_Given entries:_
○ ○ ○ ○ ○ ○ ○
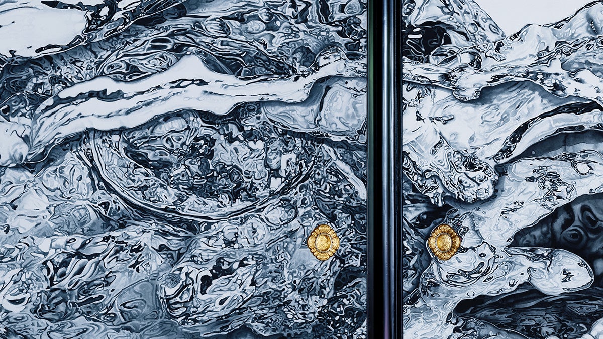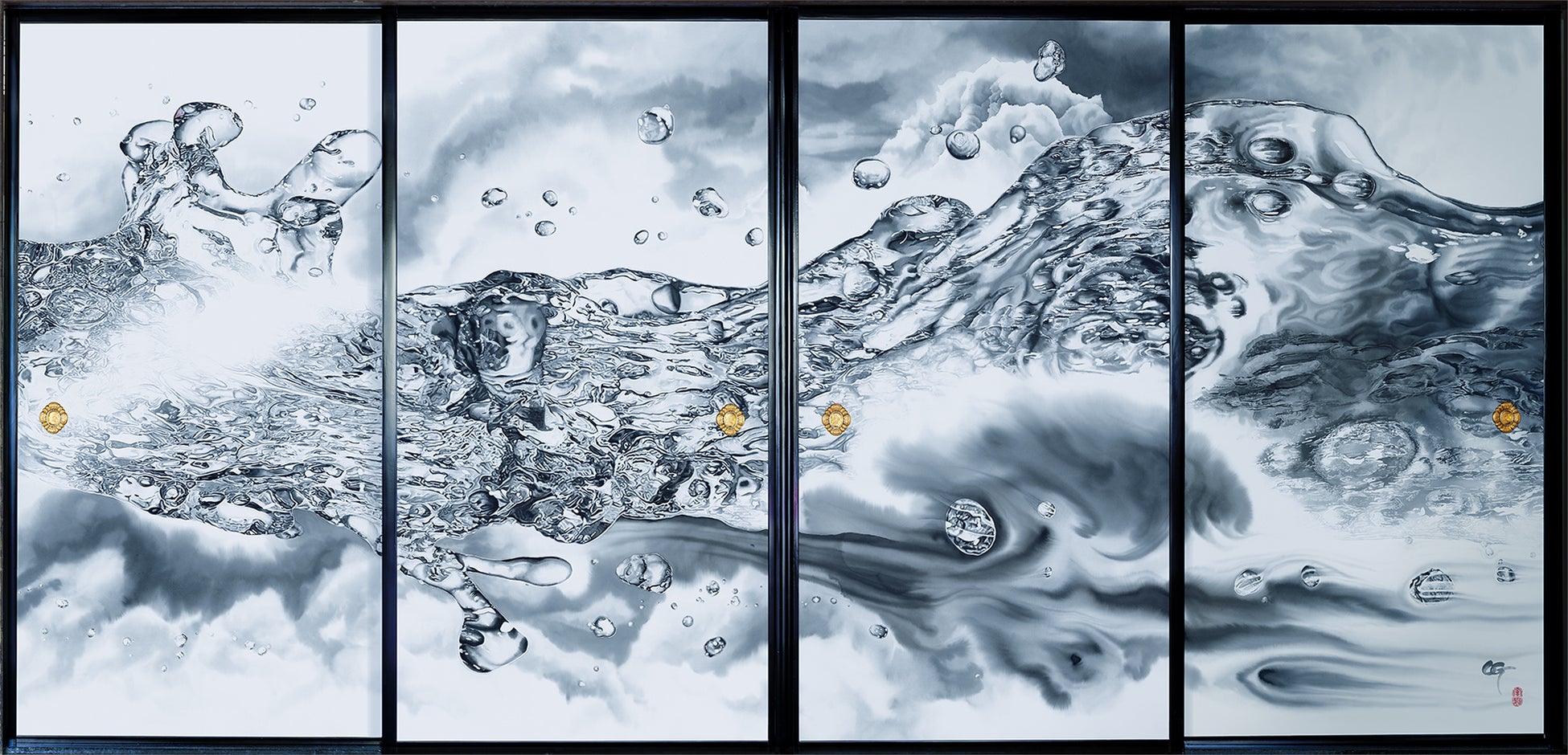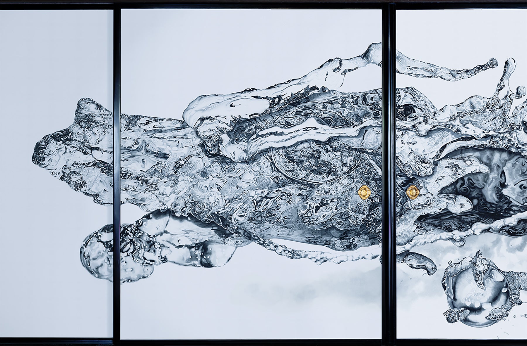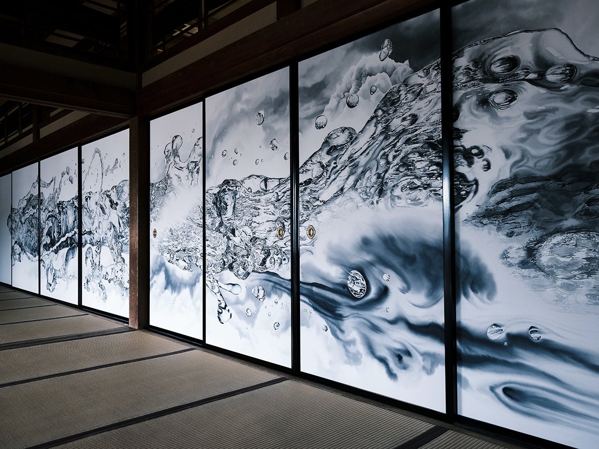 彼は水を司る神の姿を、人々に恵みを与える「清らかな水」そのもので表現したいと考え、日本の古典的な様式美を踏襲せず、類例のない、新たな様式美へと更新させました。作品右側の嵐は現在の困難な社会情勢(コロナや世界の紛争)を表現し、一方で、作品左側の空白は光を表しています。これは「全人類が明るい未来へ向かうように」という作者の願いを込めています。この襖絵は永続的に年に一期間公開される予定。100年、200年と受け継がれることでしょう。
○ ○ ○ ○ ○ ○ ○
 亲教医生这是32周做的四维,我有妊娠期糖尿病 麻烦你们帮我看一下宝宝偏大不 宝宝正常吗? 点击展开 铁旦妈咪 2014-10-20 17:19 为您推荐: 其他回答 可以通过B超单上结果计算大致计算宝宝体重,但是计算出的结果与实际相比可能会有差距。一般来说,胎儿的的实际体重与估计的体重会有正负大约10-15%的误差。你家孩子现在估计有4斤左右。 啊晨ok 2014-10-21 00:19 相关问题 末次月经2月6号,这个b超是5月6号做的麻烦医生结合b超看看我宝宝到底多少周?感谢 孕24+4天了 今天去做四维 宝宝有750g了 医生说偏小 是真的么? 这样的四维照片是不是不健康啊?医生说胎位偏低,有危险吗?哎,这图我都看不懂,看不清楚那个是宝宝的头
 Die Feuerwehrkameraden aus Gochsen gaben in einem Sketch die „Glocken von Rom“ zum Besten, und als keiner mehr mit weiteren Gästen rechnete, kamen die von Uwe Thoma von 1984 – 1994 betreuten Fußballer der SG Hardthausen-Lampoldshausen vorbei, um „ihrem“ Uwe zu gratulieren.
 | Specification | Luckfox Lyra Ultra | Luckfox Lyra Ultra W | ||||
○ ○ ○ ○ ○ ○ ○
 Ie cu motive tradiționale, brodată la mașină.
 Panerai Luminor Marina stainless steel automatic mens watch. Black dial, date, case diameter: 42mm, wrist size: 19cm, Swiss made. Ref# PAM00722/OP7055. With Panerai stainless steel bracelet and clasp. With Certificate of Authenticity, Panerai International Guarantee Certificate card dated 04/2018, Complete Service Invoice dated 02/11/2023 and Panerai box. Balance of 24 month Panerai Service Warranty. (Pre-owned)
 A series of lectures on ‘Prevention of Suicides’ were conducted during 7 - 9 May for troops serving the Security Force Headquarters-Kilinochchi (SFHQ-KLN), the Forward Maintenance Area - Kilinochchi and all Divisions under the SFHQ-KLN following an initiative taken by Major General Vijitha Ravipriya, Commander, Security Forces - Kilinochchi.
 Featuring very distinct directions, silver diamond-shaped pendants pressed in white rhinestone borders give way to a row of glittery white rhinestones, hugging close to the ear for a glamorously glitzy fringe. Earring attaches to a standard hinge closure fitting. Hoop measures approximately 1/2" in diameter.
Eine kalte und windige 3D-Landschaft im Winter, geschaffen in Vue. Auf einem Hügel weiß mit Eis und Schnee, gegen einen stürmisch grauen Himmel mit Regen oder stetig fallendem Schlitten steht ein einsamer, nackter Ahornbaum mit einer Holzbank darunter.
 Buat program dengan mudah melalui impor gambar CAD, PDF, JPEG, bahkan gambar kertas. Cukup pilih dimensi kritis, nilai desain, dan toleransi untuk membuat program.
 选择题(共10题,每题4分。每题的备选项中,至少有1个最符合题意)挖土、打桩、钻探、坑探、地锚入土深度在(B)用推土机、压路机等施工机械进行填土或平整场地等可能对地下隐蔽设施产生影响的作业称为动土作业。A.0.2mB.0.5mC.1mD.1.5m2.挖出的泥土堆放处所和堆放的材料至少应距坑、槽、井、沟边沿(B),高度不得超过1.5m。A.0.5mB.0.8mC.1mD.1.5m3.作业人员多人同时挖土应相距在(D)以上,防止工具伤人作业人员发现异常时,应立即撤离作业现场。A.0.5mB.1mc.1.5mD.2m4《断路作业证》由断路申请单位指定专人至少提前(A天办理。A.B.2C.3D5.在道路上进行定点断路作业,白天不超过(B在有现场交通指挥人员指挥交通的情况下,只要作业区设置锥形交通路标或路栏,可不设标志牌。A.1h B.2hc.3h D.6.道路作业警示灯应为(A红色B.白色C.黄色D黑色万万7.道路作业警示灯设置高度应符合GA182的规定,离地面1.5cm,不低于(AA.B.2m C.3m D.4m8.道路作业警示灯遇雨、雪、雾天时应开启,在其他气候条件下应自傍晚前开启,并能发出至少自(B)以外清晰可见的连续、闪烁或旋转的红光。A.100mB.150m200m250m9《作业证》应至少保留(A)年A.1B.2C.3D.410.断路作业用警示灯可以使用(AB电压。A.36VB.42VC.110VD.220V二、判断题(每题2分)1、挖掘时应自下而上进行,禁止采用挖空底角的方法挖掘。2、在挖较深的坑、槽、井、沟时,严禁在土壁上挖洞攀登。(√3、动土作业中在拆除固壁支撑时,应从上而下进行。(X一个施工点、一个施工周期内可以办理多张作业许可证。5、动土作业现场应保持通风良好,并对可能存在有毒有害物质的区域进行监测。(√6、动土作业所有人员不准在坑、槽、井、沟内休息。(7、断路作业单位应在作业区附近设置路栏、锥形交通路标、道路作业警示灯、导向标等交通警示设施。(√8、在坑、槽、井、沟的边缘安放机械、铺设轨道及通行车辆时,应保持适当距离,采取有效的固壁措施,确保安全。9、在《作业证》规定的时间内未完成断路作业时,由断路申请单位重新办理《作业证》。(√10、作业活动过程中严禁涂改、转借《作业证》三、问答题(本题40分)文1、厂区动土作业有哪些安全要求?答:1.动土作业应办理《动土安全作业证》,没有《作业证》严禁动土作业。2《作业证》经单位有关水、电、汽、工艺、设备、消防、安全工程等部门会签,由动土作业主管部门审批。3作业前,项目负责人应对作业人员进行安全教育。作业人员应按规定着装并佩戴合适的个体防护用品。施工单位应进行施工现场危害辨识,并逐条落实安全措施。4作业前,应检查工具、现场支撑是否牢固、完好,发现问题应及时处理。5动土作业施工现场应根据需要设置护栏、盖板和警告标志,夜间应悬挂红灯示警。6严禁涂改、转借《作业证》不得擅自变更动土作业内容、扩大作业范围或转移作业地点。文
○ ○ ○ ○ ○ ○ ○
_Exercise aim:_
Wherever the line holding "Featuring very distinct" falls in the entries above, copy exactly from it through the line holding "Buat program dengan", inclusive, and add nothing.

_Your response:_
 Featuring very distinct directions, silver diamond-shaped pendants pressed in white rhinestone borders give way to a row of glittery white rhinestones, hugging close to the ear for a glamorously glitzy fringe. Earring attaches to a standard hinge closure fitting. Hoop measures approximately 1/2" in diameter.
Eine kalte und windige 3D-Landschaft im Winter, geschaffen in Vue. Auf einem Hügel weiß mit Eis und Schnee, gegen einen stürmisch grauen Himmel mit Regen oder stetig fallendem Schlitten steht ein einsamer, nackter Ahornbaum mit einer Holzbank darunter.
 Buat program dengan mudah melalui impor gambar CAD, PDF, JPEG, bahkan gambar kertas. Cukup pilih dimensi kritis, nilai desain, dan toleransi untuk membuat program.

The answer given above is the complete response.